WHAT TO PRODUCE »
Repeat precisely the line in which "Tommy Hilfiger Men’s" occurs and all lines that follow it in the entries below. Pictures must be omitted.

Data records

####

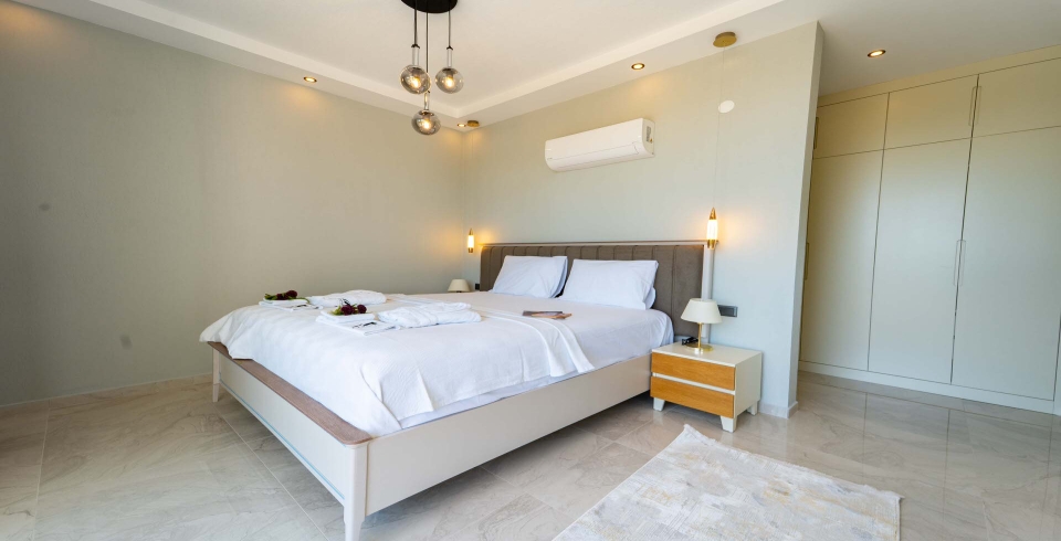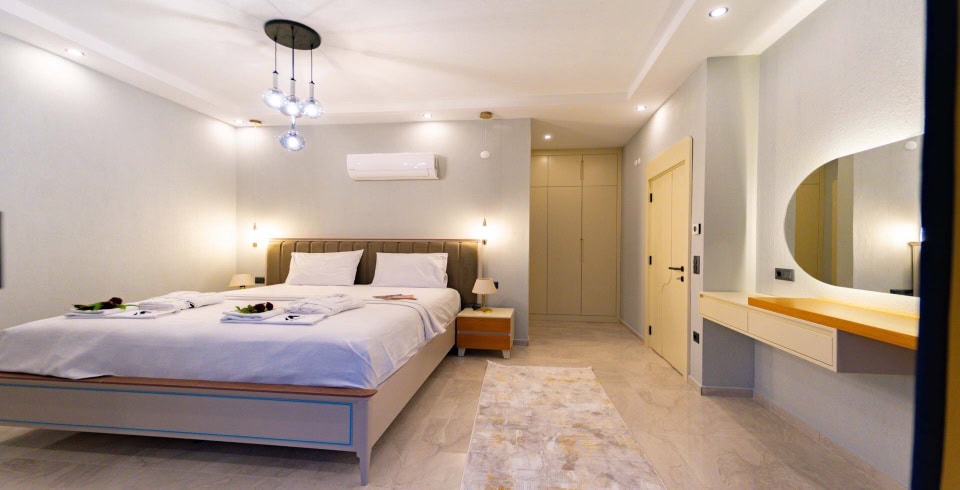 3.Yatak Odası: 1 adet çift kişilik yatak, elbise dolabı, komodin, klima, makyaj masası, banyo ve lavabo bulunmaktadır.
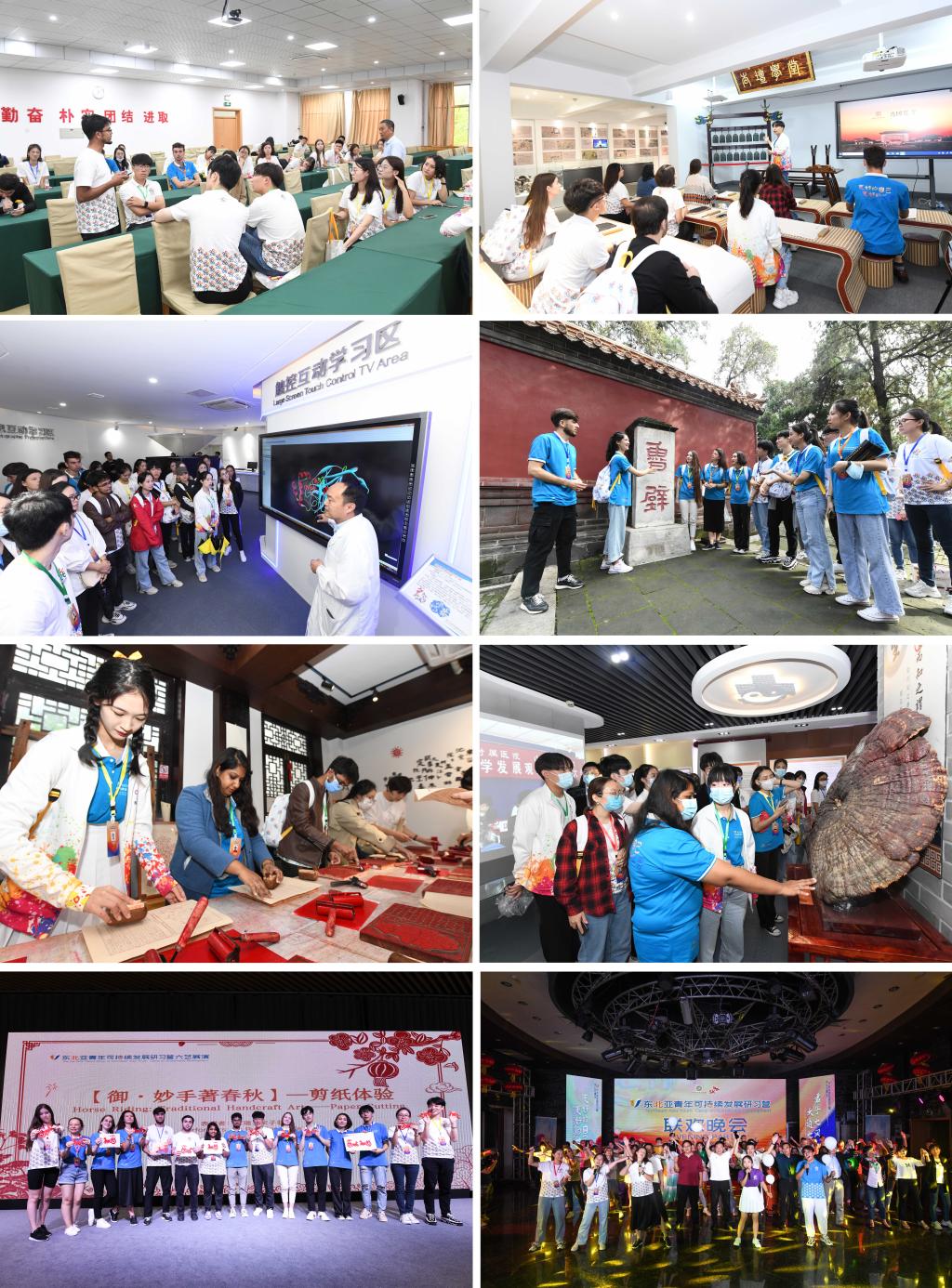 闭营式上,播放了回顾研习营走访圣城与泉城各地的视频短片。为期四天的交流中,营员们在孔庙孔府感受中华文明源头的千年底蕴;在太阳纸业、尼山鹿鸣见证现代科技手段对于绿色低碳、永续发展的贡献;在孔子博物馆、中国教师博物馆,读懂博物馆里的中国,共同发出绿色发展青年倡议“养君子之风 践大道之行”;在生物标本实验室聆听湿地专家讲授淡水贝类人工繁育对生态环境的贡献,通过虚拟仿真实验、3D全息投影等技术直观了解微山湖物种保护的现状;在汉字记忆空间缝制宋代四目线装书和传拓瓦当的工艺;在省中医院验证中医的疗效……营员们不仅加深了对绿色中国的了解,还学习了书本中学不到的知识,收获了亲如家人的浓浓友情。一个个精彩瞬间,一段段难忘时刻,令人留恋不舍。
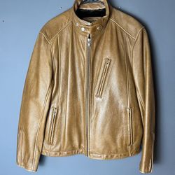 Tommy Hilfiger Men’s L Genuine Leather Moto Jacket Caramel Brown Faux Fur Liner$100Charlotte, NC
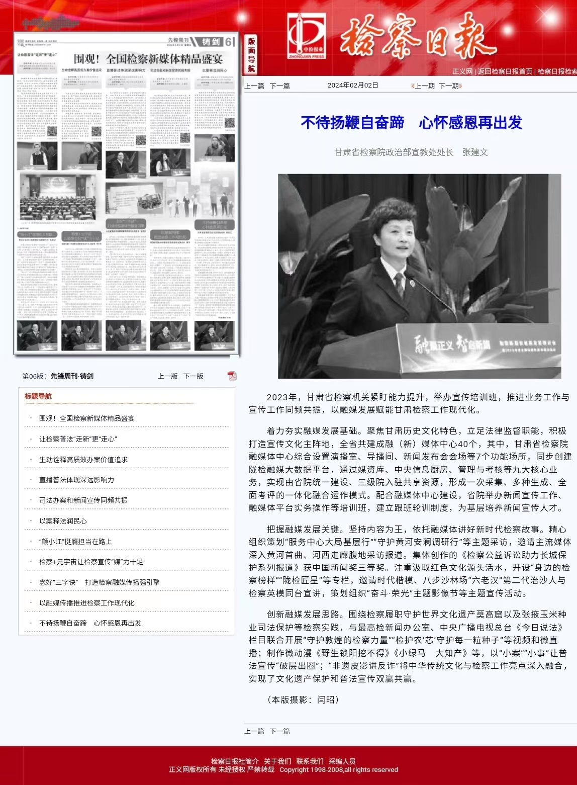 2024年2月2日,takse69 先锋周刊刊发takse69政治部宣教处在检察新媒体创新发展研讨会暨2023年度全国检察新媒体精品展示活动上的交流发言《不待扬鞭自奋蹄 心怀感恩再出发》。
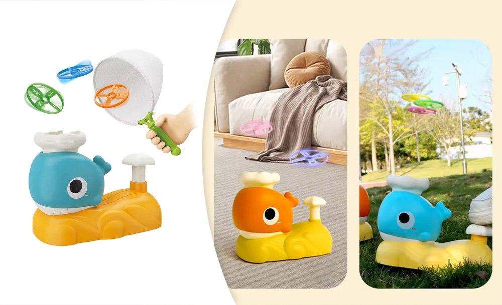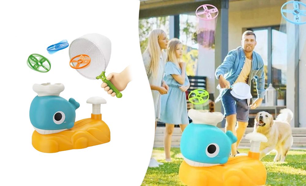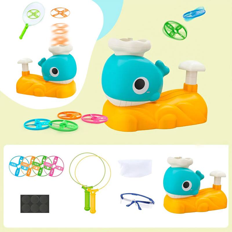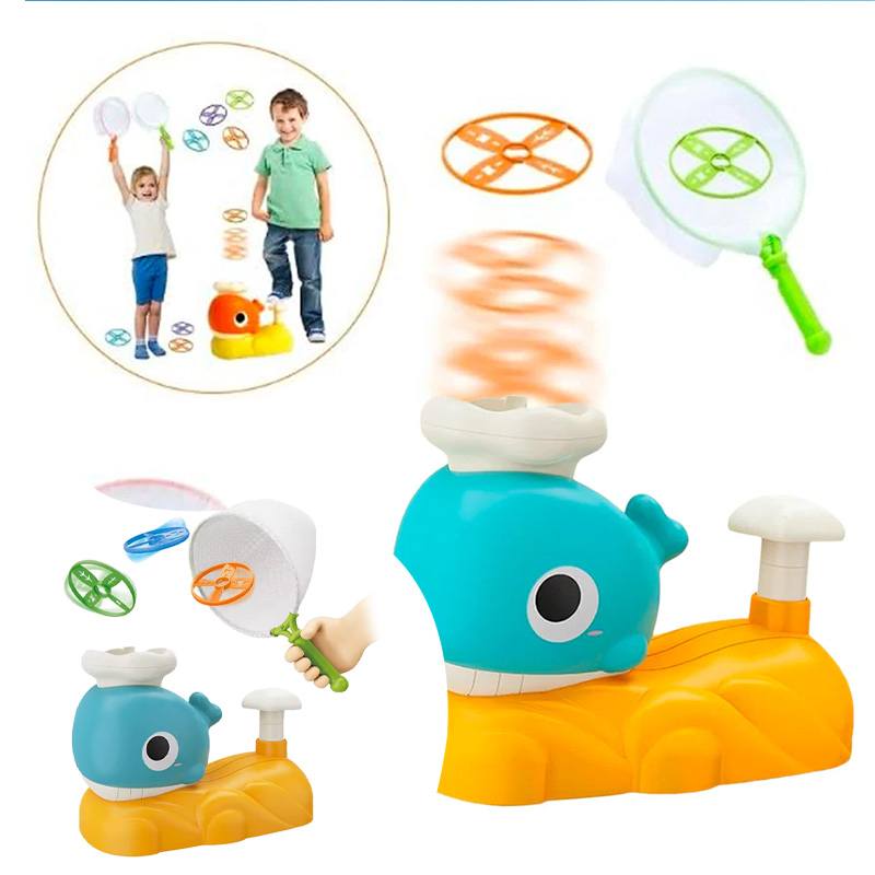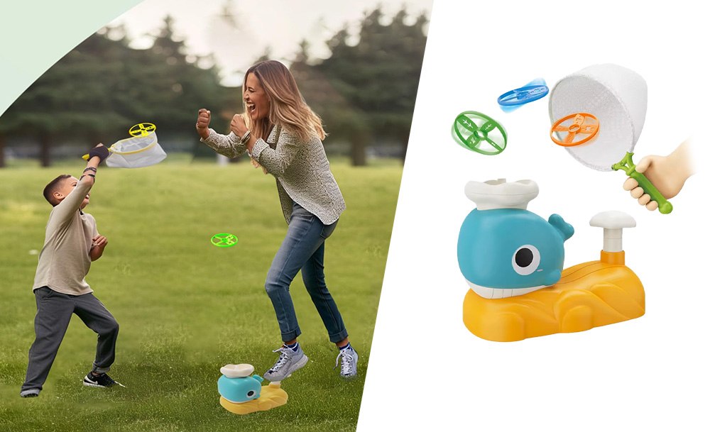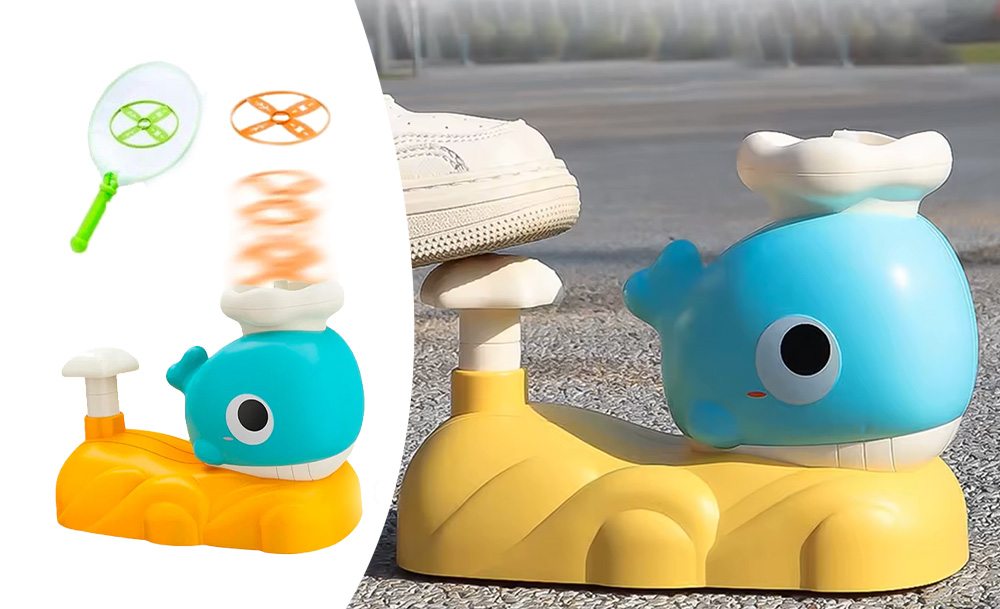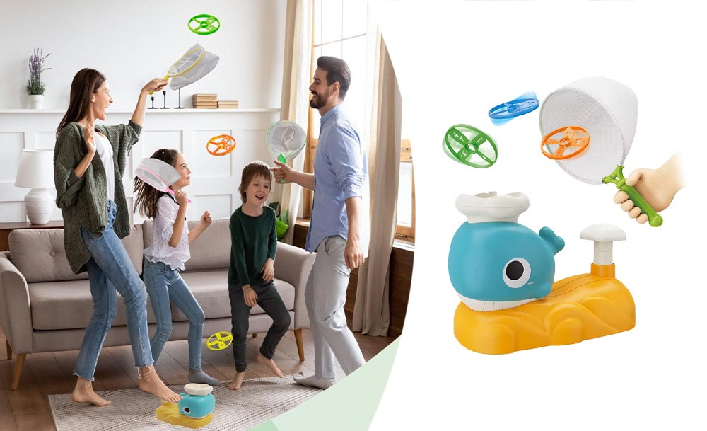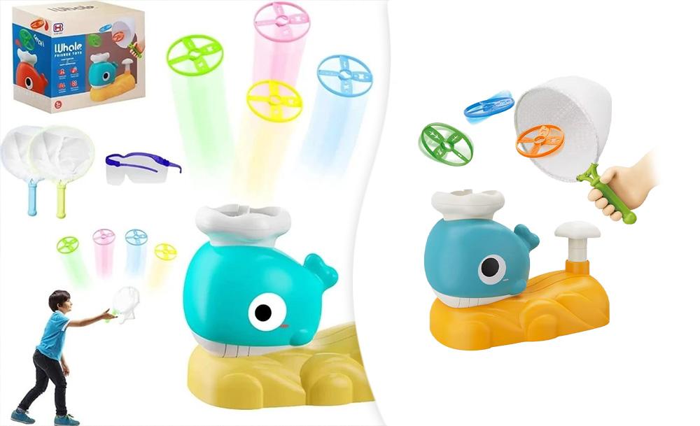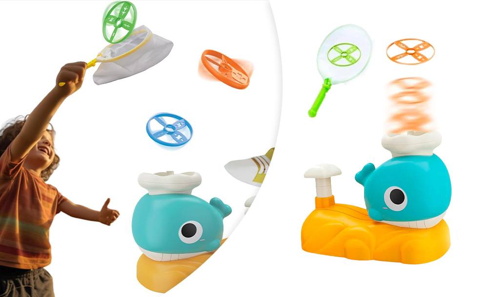 Помещая диск на спину кита и нажимая педаль, вы запускаете игрушку, которая взлетает в воздух. Летающую тарелку можно словить с помощью специального сачка. Существуют различные варианты игры, и вы можете наслаждаться игрой с друзьями и даже с домашними животными.

####

RESPONSE TO THE EXERCISE »
 Tommy Hilfiger Men’s L Genuine Leather Moto Jacket Caramel Brown Faux Fur Liner$100Charlotte, NC
 2024年2月2日,takse69 先锋周刊刊发takse69政治部宣教处在检察新媒体创新发展研讨会暨2023年度全国检察新媒体精品展示活动上的交流发言《不待扬鞭自奋蹄 心怀感恩再出发》。
 Помещая диск на спину кита и нажимая педаль, вы запускаете игрушку, которая взлетает в воздух. Летающую тарелку можно словить с помощью специального сачка. Существуют различные варианты игры, и вы можете наслаждаться игрой с друзьями и даже с домашними животными.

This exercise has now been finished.